# [TASK DETAILS]
Exactly as written, restate the material below from its first line through the line containing "Justeaucorps aus weinrotem, geripptem", and stop there.

# [DATA TO PROCESS]
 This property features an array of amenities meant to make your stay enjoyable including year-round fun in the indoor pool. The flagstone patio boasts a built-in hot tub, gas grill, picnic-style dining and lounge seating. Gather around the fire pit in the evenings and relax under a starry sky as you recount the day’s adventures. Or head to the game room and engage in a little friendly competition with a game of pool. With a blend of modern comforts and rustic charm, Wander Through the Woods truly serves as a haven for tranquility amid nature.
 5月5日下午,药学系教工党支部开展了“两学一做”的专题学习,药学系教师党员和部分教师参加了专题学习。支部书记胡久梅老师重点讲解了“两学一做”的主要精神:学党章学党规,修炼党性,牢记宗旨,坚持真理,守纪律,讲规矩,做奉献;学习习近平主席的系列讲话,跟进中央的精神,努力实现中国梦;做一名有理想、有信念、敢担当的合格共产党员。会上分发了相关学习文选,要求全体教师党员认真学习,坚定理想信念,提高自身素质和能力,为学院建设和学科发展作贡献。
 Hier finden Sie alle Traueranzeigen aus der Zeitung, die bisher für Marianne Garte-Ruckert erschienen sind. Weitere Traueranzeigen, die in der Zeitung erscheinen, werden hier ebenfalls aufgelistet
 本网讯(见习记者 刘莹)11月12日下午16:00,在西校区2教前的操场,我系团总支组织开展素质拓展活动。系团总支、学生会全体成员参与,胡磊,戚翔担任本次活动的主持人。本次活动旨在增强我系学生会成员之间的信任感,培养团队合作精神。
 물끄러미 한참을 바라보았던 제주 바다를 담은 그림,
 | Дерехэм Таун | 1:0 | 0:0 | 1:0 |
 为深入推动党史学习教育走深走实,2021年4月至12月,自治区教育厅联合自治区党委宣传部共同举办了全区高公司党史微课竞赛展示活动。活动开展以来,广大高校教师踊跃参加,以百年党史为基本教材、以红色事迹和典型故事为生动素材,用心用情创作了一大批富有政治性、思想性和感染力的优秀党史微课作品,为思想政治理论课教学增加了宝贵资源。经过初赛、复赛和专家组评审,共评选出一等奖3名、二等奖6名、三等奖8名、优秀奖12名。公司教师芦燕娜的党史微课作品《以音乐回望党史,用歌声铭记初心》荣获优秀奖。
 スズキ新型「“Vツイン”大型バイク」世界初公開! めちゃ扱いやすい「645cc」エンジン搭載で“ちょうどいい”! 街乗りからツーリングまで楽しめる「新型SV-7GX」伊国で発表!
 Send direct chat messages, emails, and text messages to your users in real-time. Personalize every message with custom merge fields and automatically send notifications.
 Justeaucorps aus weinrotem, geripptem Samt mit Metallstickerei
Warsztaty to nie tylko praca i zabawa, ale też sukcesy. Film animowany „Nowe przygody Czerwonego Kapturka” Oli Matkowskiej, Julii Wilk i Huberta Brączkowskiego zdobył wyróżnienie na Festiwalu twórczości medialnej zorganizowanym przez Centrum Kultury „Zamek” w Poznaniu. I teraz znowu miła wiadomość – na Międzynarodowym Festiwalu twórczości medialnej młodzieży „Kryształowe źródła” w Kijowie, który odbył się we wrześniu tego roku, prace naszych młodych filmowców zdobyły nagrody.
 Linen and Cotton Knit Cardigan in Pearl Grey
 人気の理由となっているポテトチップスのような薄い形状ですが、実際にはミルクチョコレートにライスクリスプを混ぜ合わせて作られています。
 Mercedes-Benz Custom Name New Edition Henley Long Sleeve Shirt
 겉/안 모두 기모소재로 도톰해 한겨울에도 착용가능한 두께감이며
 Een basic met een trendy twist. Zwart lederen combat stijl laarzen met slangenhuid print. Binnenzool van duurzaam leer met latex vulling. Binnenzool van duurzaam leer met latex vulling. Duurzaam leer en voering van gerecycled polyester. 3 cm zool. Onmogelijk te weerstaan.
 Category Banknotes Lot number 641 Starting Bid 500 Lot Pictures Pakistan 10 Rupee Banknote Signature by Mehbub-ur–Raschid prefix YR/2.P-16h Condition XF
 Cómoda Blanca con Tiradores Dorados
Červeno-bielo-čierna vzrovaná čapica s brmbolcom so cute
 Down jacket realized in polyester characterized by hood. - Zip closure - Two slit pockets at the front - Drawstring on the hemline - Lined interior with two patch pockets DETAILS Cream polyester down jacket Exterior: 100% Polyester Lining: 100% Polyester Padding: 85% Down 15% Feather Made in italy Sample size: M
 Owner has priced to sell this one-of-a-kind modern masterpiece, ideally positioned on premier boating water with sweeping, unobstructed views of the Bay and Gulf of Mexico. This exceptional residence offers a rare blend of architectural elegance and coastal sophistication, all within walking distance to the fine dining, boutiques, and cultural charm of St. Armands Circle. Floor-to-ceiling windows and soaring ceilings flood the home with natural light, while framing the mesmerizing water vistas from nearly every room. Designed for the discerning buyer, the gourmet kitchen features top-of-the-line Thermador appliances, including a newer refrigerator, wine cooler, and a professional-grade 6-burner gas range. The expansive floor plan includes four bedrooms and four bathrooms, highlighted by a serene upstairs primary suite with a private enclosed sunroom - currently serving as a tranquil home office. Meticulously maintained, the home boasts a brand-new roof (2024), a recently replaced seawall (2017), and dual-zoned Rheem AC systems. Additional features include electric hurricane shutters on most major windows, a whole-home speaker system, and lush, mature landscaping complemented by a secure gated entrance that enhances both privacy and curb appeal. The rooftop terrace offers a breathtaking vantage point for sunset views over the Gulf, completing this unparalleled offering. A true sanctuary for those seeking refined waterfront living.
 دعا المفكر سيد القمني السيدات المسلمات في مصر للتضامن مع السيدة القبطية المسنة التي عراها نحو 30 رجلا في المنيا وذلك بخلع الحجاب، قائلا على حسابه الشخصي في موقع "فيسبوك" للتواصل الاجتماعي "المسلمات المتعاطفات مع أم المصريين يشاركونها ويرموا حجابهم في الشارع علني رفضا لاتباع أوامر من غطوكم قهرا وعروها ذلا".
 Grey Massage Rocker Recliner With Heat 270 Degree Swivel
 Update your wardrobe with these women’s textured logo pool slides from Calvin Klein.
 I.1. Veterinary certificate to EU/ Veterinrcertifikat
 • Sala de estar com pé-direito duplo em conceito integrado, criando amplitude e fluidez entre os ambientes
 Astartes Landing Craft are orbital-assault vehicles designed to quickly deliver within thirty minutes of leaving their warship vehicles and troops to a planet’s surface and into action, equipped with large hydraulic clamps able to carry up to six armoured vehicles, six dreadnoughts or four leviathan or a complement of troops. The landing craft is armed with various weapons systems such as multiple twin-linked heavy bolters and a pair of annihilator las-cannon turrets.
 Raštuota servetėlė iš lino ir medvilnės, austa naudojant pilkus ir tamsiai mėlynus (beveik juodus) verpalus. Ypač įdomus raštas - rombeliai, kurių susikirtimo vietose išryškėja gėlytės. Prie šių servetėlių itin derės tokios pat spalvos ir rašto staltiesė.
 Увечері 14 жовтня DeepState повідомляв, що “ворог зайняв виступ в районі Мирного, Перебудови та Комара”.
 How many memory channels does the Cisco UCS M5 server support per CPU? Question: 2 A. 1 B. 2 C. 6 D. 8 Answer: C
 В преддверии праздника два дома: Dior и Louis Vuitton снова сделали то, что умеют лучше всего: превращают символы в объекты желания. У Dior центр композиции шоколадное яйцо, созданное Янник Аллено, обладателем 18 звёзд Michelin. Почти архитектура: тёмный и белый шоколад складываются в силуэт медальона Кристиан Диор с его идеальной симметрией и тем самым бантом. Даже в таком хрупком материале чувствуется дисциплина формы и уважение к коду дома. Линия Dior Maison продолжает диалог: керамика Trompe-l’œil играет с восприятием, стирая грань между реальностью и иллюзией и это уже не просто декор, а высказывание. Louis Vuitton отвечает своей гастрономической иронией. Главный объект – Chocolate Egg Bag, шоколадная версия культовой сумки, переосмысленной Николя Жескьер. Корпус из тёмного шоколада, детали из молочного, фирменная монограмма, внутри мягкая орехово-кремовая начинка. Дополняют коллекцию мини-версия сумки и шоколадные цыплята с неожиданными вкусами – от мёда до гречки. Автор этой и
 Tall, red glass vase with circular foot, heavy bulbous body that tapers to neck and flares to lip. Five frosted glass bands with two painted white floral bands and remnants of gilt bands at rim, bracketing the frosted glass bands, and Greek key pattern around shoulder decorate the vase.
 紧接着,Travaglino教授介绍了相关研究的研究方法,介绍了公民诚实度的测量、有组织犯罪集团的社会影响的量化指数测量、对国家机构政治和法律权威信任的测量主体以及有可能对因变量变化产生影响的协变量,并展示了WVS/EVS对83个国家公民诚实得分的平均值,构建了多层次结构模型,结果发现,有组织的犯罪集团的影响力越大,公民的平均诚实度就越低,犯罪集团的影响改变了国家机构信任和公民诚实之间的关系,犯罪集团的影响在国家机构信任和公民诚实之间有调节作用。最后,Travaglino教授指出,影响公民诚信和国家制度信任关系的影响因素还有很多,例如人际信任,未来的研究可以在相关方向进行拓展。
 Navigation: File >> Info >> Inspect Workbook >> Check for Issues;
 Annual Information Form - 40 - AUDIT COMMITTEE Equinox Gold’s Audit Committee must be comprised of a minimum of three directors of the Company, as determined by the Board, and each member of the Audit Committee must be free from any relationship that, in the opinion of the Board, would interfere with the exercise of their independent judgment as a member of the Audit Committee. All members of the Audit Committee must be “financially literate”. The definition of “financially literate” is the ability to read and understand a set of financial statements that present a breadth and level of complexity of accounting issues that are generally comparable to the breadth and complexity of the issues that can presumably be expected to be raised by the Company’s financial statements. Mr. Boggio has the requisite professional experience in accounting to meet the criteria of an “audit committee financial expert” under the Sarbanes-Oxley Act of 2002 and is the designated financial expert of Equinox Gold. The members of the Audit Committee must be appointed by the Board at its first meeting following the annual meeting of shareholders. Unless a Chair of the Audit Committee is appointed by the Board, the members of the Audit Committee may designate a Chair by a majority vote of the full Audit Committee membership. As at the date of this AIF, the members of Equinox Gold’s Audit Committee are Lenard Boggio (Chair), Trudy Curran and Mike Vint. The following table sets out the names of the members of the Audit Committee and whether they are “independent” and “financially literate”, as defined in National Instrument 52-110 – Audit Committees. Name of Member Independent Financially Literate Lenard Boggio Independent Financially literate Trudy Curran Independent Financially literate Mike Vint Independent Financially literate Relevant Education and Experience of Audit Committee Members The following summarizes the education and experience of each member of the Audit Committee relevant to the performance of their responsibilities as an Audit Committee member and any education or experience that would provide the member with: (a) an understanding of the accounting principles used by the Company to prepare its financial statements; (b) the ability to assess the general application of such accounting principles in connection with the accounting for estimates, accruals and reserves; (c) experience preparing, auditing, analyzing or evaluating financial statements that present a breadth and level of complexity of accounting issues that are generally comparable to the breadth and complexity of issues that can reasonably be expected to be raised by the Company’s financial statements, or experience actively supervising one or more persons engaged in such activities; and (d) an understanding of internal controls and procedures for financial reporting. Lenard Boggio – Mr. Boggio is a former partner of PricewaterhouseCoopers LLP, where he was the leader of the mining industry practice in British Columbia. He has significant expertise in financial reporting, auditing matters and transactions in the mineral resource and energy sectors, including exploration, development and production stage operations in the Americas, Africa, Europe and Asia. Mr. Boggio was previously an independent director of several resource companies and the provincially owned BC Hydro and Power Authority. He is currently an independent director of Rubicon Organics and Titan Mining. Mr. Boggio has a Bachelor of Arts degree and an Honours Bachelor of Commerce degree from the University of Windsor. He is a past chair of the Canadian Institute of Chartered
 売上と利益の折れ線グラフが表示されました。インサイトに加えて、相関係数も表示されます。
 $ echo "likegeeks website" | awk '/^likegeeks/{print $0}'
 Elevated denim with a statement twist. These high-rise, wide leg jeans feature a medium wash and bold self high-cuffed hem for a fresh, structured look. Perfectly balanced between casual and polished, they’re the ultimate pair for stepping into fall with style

# [WRITTEN ANSWER]
 This property features an array of amenities meant to make your stay enjoyable including year-round fun in the indoor pool. The flagstone patio boasts a built-in hot tub, gas grill, picnic-style dining and lounge seating. Gather around the fire pit in the evenings and relax under a starry sky as you recount the day’s adventures. Or head to the game room and engage in a little friendly competition with a game of pool. With a blend of modern comforts and rustic charm, Wander Through the Woods truly serves as a haven for tranquility amid nature.
 5月5日下午,药学系教工党支部开展了“两学一做”的专题学习,药学系教师党员和部分教师参加了专题学习。支部书记胡久梅老师重点讲解了“两学一做”的主要精神:学党章学党规,修炼党性,牢记宗旨,坚持真理,守纪律,讲规矩,做奉献;学习习近平主席的系列讲话,跟进中央的精神,努力实现中国梦;做一名有理想、有信念、敢担当的合格共产党员。会上分发了相关学习文选,要求全体教师党员认真学习,坚定理想信念,提高自身素质和能力,为学院建设和学科发展作贡献。
 Hier finden Sie alle Traueranzeigen aus der Zeitung, die bisher für Marianne Garte-Ruckert erschienen sind. Weitere Traueranzeigen, die in der Zeitung erscheinen, werden hier ebenfalls aufgelistet
 本网讯(见习记者 刘莹)11月12日下午16:00,在西校区2教前的操场,我系团总支组织开展素质拓展活动。系团总支、学生会全体成员参与,胡磊,戚翔担任本次活动的主持人。本次活动旨在增强我系学生会成员之间的信任感,培养团队合作精神。
 물끄러미 한참을 바라보았던 제주 바다를 담은 그림,
 | Дерехэм Таун | 1:0 | 0:0 | 1:0 |
 为深入推动党史学习教育走深走实,2021年4月至12月,自治区教育厅联合自治区党委宣传部共同举办了全区高公司党史微课竞赛展示活动。活动开展以来,广大高校教师踊跃参加,以百年党史为基本教材、以红色事迹和典型故事为生动素材,用心用情创作了一大批富有政治性、思想性和感染力的优秀党史微课作品,为思想政治理论课教学增加了宝贵资源。经过初赛、复赛和专家组评审,共评选出一等奖3名、二等奖6名、三等奖8名、优秀奖12名。公司教师芦燕娜的党史微课作品《以音乐回望党史,用歌声铭记初心》荣获优秀奖。
 スズキ新型「“Vツイン”大型バイク」世界初公開! めちゃ扱いやすい「645cc」エンジン搭載で“ちょうどいい”! 街乗りからツーリングまで楽しめる「新型SV-7GX」伊国で発表!
 Send direct chat messages, emails, and text messages to your users in real-time. Personalize every message with custom merge fields and automatically send notifications.
 Justeaucorps aus weinrotem, geripptem Samt mit Metallstickerei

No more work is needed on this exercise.